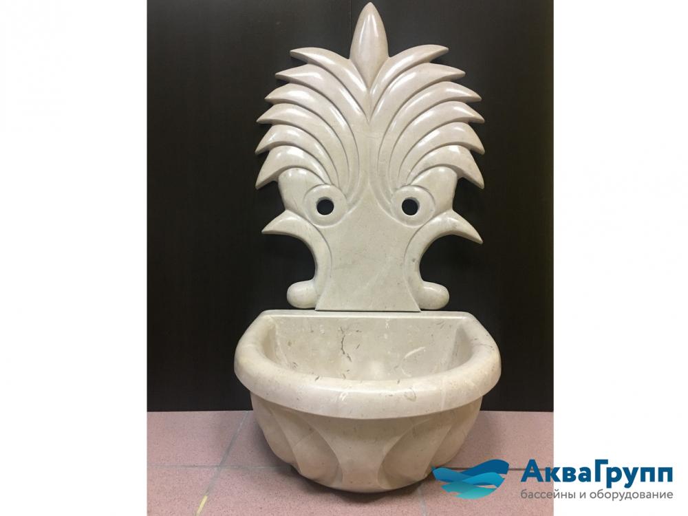 Курна пристенная из мрамора "Piadin Beige" бежевого цвета со стеновой панелью.
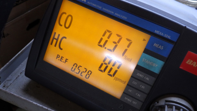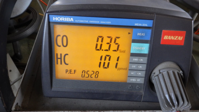 水温が上がり通常アイドルに戻ってから十数分後の排気ガス測定値。
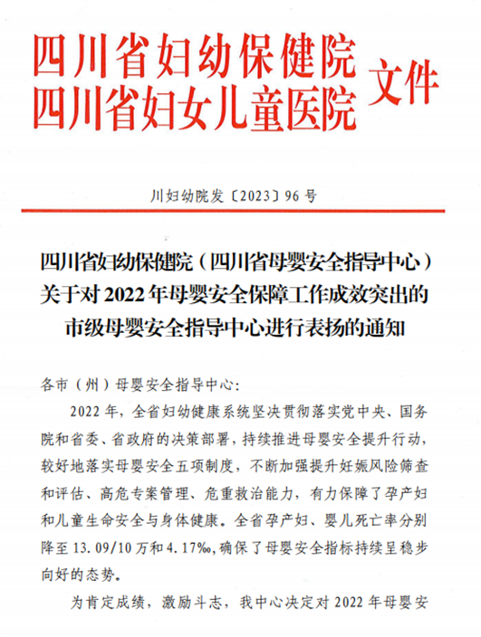 近日,四川省母嬰安全指導(dǎo)中心(四川省婦幼保健院)發(fā)文,對(duì)2022年度母嬰安全保障工作成效突出的單位進(jìn)行通報(bào)表?yè)P(yáng),樂(lè)山市母嬰安全指導(dǎo)中心(樂(lè)山市婦幼保健院)因在2022年母嬰安全保障工作中工作扎實(shí),成效明顯獲得表彰。
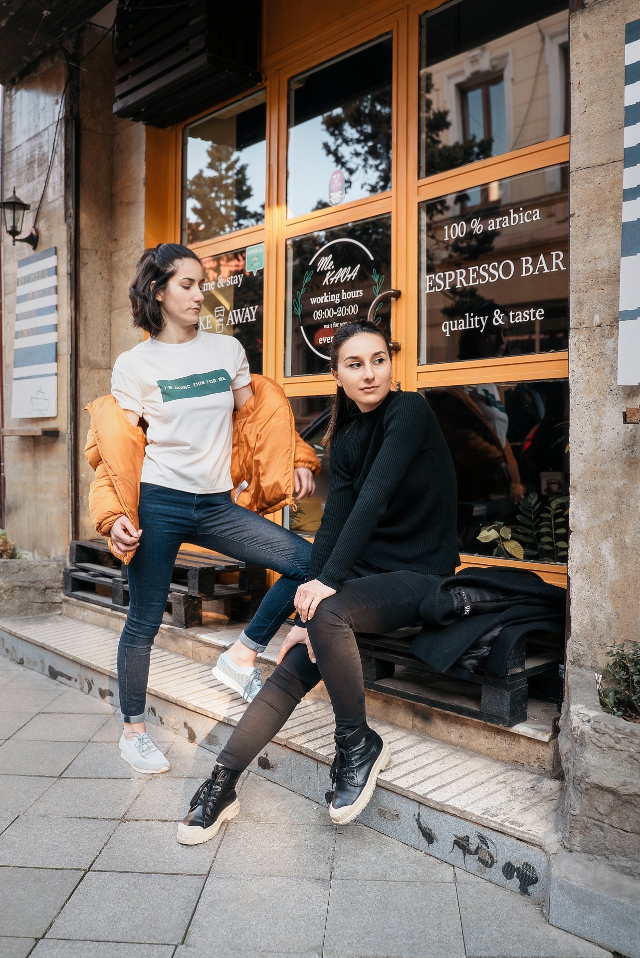 В этой локации я совместил 2 улицы, на одной расположена кофейня с отличным декором в оранжево-черных тонах - это (Мераба Костава), а другая соседняя (Ахмеда Мелашвили) послужит своим аккуратным видом для уличных фотографий.
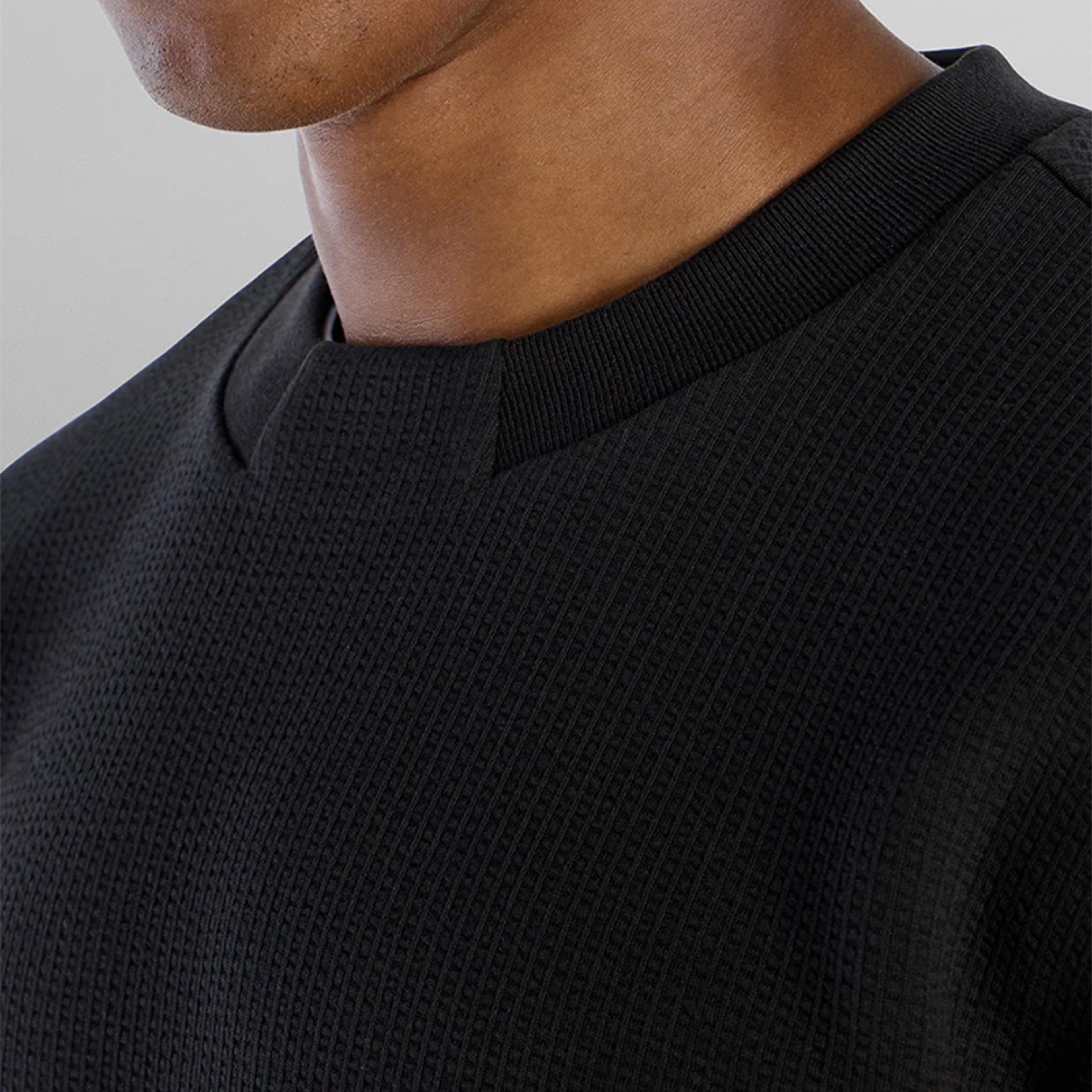 Designed for comfort on the move, the BYLT Recharge Crewneck blends relaxed style with performance-driven features. Made from a soft double-knit fabric with a subtle geometric texture, this versatile crewneck offers flexible stretch and wrinkle-recovery—perfect for travel, commuting, or everyday wear. Lightweight warmth and UPF 50+ protection make it an ideal layer for year-round use. The relaxed, true-to-size fit pairs effortlessly with joggers or denim, while ribbed details at the collar, cuffs, and hem add a clean, modern finish. Whether you’re catching a flight or heading out for the day, this performance crewneck delivers comfort, durability, and polished style.

What to do: "近日,四川省母嬰安全指導(d" marks the last line to keep. Retype every line from the start of the entries through that one, exactly, and drop the pictures.

Solution for this task:
 Курна пристенная из мрамора "Piadin Beige" бежевого цвета со стеновой панелью.
 水温が上がり通常アイドルに戻ってから十数分後の排気ガス測定値。
 近日,四川省母嬰安全指導(dǎo)中心(四川省婦幼保健院)發(fā)文,對(duì)2022年度母嬰安全保障工作成效突出的單位進(jìn)行通報(bào)表?yè)P(yáng),樂(lè)山市母嬰安全指導(dǎo)中心(樂(lè)山市婦幼保健院)因在2022年母嬰安全保障工作中工作扎實(shí),成效明顯獲得表彰。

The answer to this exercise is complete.